Trade in Minutes! Rationality-driven Agentic System for Quantitative Financial Trading¶

Conference: ICLR 2026
OpenReview: https://openreview.net/forum?id=ROEwZAxqyS
Code: None
Area: Agent / Quantitative Finance
Keywords: Multi-Agent System, Quantitative Trading, Analysis-Deployment Decoupling, Mathematical Reflection Optimization, Minute-level Trading

TL;DR¶

TiMi (Trade in Minutes) is a "rationality-driven" multi-agent quantitative trading system. It utilizes three specialized LLMs (semantic analysis, programming, and mathematical reasoning) to offline refine trading strategies into standalone programmable trading bots. These bots are then deployed for minute-level live trading, completely decoupling "heavy reasoning" from "fast execution." It achieves stable returns, low latency, and superior risk control across 200+ stock indices and crypto pairs.

Background & Motivation¶

Background: Utilizing LLM-based financial trading agents is currently a trending area. The mainstream approach follows "anthropomorphic role-playing"—assigning agents roles such as news analysts, sentiment analysts, or traders with different risk appetites to reach buy/sell decisions through multi-agent debate/negotiation (e.g., FinMem, TradingAgents). These methods excel at processing textual information like news and research reports.

Limitations of Prior Work: The authors identify three specific issues. First, emotional bias: anthropomorphic simulations naturally introduce subjective judgment and emotional noise into decision-making. Second, unreliable peripheral information: relying on unstructured "side information" like social media news and project reports is particularly dangerous for retail traders, as these often contain misleading signals and time lags, leading to missed opportunities or adverse volatility. Third, low deployment efficiency: in live trading, every transaction requires going through a long multi-agent reasoning and negotiation process, resulting in high computational overhead and execution latency, which manifests as slippage and opportunity cost in volatile markets.

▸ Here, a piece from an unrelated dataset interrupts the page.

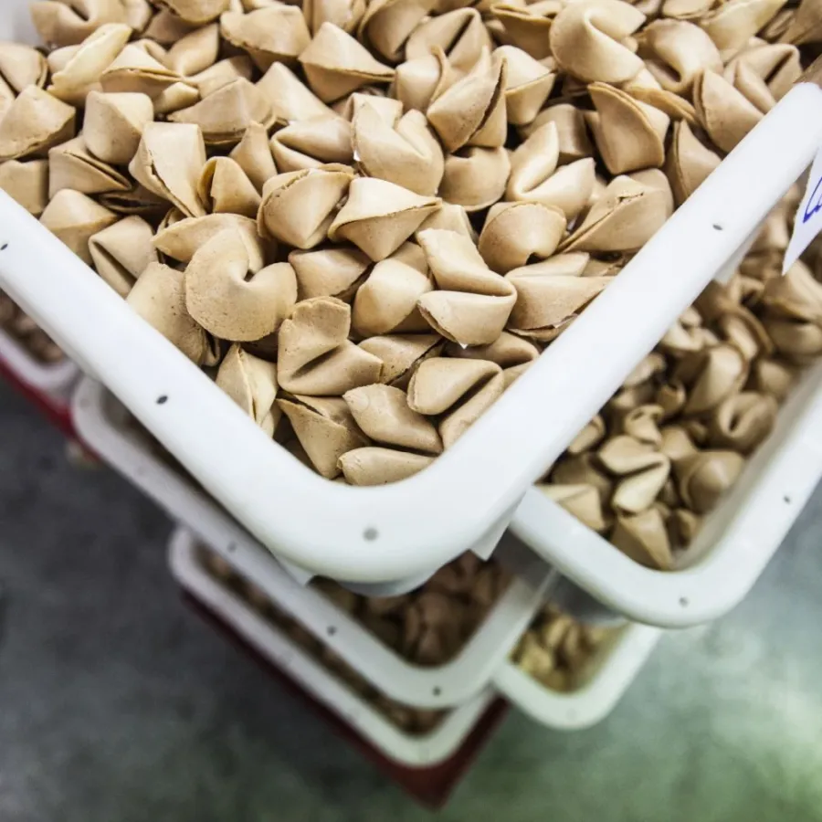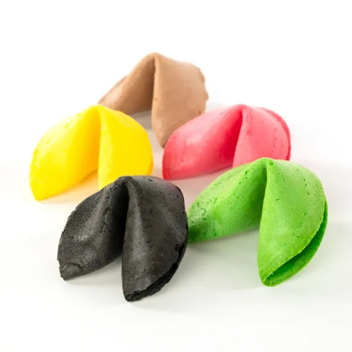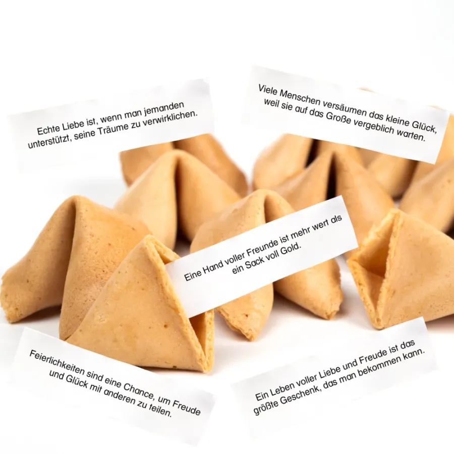 Unsere Glückskekse sind mehr als nur ein Snack – sie sind Botschafter Ihrer Kreativität und Werte. Als regionaler Produzent legen wir großen Wert auf Nachhaltigkeit und stellen täglich bis zu 20.000 Kekse her. Schon ab einer Kleinmenge von 500 Stück können Sie bei uns Glückskekse ganz nach Ihrem Geschmack individualisieren. Wählen Sie zwischen verschiedenen Geschmacksrichtungen, bunten Keksen oder passen Sie die Außenfolie individuell an Ihre Marke an. Der Innenzettel jedes Kekses lässt sich komplett nach Ihren Wünschen gestalten – ideal für personalisierte Nachrichten oder Markenbotschaften.
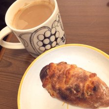 私の朝ごはん サマーシュのあんぱん スープ 黒豆ヨーグルト 柿 ハード系あんぱん美味しい◟(๑•͈ᴗ•͈)◞

Key Challenge: Anthropomorphic agents pursue "strategy depth," whereas quantitative trading requires "mechanical rationality" and "minute-level response speed." Existing methods bind reasoning and execution together, making it impossible to achieve both simultaneously—either deep but slow, or fast but shallow.

Goal: To reconcile strategy depth with the mechanical rationality necessary for quantitative trading. Specifically: de-emotionalizing market analysis, using objective technical indicators for data selection, and ensuring low-latency deployment.

Key Insight: The authors observe that existing work rarely utilizes the advancements of LLMs in coding and mathematical reasoning, which are the keys to achieving mechanical rationality. Since live trading must be fast, LLMs should not be run during live execution. Instead, the LLM "thinking" should be shifted entirely offline to produce a programmable bot that runs independently of LLM reasoning.

Core Idea: Replace "continuous multi-agent reasoning" with "analysis-deployment decoupling." Specialized LLMs are used offline to compile strategies into programmable trading bots and iteratively optimize them. Only these lightweight bots are deployed for live trading, achieving both strategy depth and minute-level efficiency.

Method¶

Overall Architecture¶

TiMi models the entire trading lifecycle as \((\mathcal{M}, \mathcal{W}, \mathcal{S}, \mathcal{F}, \mathcal{J})\) (Market, Window, Strategy Space, Feedback, Evaluation Function), aiming to maximize \(\mathcal{J}(\pi_\Theta)\). The system is coordinated by four specialized agents: Macro Analysis agent \(\mathcal{A}_{ma}\), Strategy Adaptation agent \(\mathcal{A}_{sa}\), Bot Evolution agent \(\mathcal{A}_{be}\), and Feedback Reflection agent \(\mathcal{A}_{fr}\), which respectively invoke semantic analysis \(\phi\), coding \(\psi\), and mathematical reasoning \(\gamma\).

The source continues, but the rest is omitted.